Abstract
Acute inferior myocardial infarction can be complicated by conduction disorders and/or by extension to the right ventricle (RV). Both situations can resolve with an early percutaneous revascularization.
We report a case of a 73-year-old woman, with arterial hypertension, dyslipidemia, and studied by cardiology for atypical chest pain, with several negative ischemia detection tests. She was brought to the Emergency Department due to oppressive chest pain irradiated to the left upper extremity. An electrocardiogram was performed, highlighting a complete atrioventricular block with suprahisian escape and ST segment elevation in inferior leads. Tendency to arterial hypotension and multiple episodes of asymptomatic non-sustained monomorphic ventricular tachycardias as well as self-limiting Torsade de Pointes were registered. The transthoracic echocardiogram (TTE) showed an akinesia circumscribed to the basal segment of the inferior left ventricle wall, a non-dilated RV with akinesia of its anterior wall and a new onset functional and asymmetric severe tricuspid regurgitation (TR) by tethering of the anterior leaflet. It was not possible to estimate the RV-RA gradient by obtaining a dense triangular doppler continuous wave jet contour with early peak. Vena contracta was 7 mm long.

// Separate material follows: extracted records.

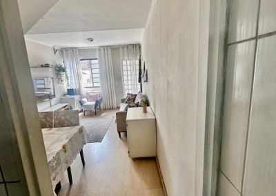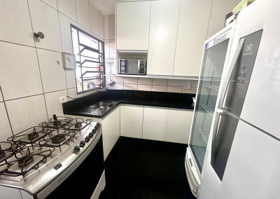 Destaques do Imóvel: 2 Dormitórios bem distribuídos. Sala com piso em Moca Marmore, proporcionando elegância e durabilidade. Cozinha moderna com armários planejados novos, piso e balcão em Granito Preto São Gabriel. 2 Vagas de garagem individuais. Banheiro social funcional. Quintal privativo!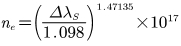 在計(jì)算得到高斯線寬的基礎(chǔ)上,對(duì)實(shí)驗(yàn)測(cè)量得到的Hα譜線進(jìn)行反卷積,得到洛倫茲展寬,減去范德瓦爾斯展寬后即得到斯塔克展寬。利用式(5)可得到等離子體電子密度[8-9]: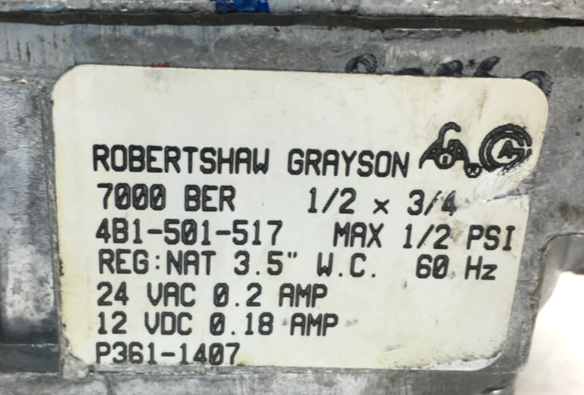 This is Robertshaw 7000 BER 4B1-501-517 P361-1407 Gas Valve in 1/2 out 3/4, clean, bench tested and it's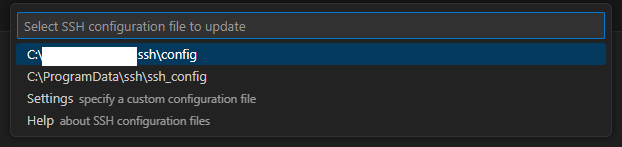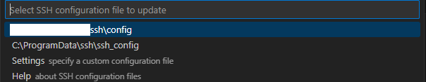 2. Ctrl+Shift+P를 눌러 명령 팔레트를 열고 Remote-SSH: Open SSH Configuration File...를 선택 후 config 파일을 선택합니다.

An urgent coronary angiography was performed in which the presence of an acute thrombotic occlusion of the proximal segment of the right coronary artery was confirmed. A drug-eluting stent was implanted, with good result. With all this, it was possible to stabilize the patient"s electrical and hemodynamic situation. A TTE was repeated one week after, in which mild to moderate tricuspid regurgitation was observed, coinciding with improvement of the RV systolic function and better mobility of the anterior tricuspid leaflet.
Anatomically, the tricuspid valve consists of anterior, septal, and posterior leaflets. Each leaflet is connected via chordae tendineae to the anterior, posterior, and septal papillary muscles of the right ventricle, respectively. The cause of functional TR appears to be tricuspid annular dilatation and tethering of the tricuspid valve leaflets (because of LV failure, pulmonary hypertension, left-to-right shunt, or RV infarction). Primary disorders of the tricuspid valve causing TR are less common. RV myocardial infarction may involve the wall supporting the papillary muscle with resulting tension on the chordae causing TR. The 2D TTE demonstrates incomplete and often asymmetric closure of the tricuspid leaflets with apical displacement of the coaptation point. This phenomenon is similar to that seen with LV myocardial infarction with resulting loss of support of mitral papillary muscle and ischemic mitral regurgitation.
We report a case of acute inferior myocardial infarction involving the RV that caused a transient dysfunction of the papillary muscle of the anterior tricuspid leaflet, generating a severe TR that resolved by early revascularization.
Abstract P716 Figure. A: severe acute TR. B: few days after
P716 Acute chest pain and new onset severe and asymmetric functional tricuspid regurgitation: What is going on?